Implementation-wise, the existing `prepare_filters()` called
`list_objects_filter_release()` inside each case branch. That works fine for
top-level filters, but `combine` filters need to recurse over its child
filters without releasing each one in turn (since the parent's release
iterates the sub array). Split `prepare_filters()` into a recursive helper
that performs only the mutation, plus a thin wrapper that calls the helper
and then releases the top-level filter once.

The `LOFC_COMBINE` case in the helper just walks `sub_nr` and recurses;
child filters are released by the wrapper's single
`list_objects_filter_release()` call on the parent (which itself recursively
releases each sub-filter, the same way it always has).

If any sub-filter is unsupported (e.g. "tree:1", "sparse:<path>", or a
not-yet-supported choice), the recursion bubbles a failure up and the
existing pack-objects/backfill fallback paths kick in.

Add coverage in t6601:

  - "combine:blob:none+tree:0" collapses to "tree:0"

  - "combine:object:type=blob+blob:limit=3" yields only the blobs
    smaller than three bytes

  - "combine:object:type=blob+object:type=tree" intersects to empty

  - "combine:tree:1+blob:none" reports the "tree:1" error.

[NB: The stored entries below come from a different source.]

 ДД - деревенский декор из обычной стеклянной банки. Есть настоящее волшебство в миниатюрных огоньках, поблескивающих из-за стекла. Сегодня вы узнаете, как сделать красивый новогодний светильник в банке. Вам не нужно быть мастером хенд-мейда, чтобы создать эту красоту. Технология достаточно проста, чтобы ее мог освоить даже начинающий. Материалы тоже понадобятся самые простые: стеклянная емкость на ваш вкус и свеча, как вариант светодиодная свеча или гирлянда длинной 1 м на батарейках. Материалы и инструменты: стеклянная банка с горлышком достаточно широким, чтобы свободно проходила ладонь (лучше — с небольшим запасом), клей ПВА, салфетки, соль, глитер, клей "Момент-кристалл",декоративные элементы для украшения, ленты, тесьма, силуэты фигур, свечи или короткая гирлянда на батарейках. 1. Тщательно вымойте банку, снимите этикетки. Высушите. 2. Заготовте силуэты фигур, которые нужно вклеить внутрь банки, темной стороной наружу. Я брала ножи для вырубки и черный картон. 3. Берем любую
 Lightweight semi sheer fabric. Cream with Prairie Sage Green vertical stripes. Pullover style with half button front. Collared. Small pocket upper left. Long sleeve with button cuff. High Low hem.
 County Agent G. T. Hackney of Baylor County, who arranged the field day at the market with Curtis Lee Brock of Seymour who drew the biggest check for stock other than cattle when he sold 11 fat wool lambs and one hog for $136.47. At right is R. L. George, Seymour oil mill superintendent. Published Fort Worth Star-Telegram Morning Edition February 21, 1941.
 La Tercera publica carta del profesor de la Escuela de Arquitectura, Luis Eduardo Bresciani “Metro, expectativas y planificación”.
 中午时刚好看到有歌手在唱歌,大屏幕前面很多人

Update Documentation/git-pack-objects.adoc to add combine to the
list of supported --filter forms.

Signed-off-by: Taylor Blau <me@ttaylorr.com>
Signed-off-by: Derrick Stolee <stolee@gmail.com>
---
 Documentation/git-pack-objects.adoc |  3 +-
 path-walk.c                         | 25 ++++++++--
 t/t6601-path-walk.sh                | 71 +++++++++++++++++++++++++++++
 3 files changed, 93 insertions(+), 6 deletions(-)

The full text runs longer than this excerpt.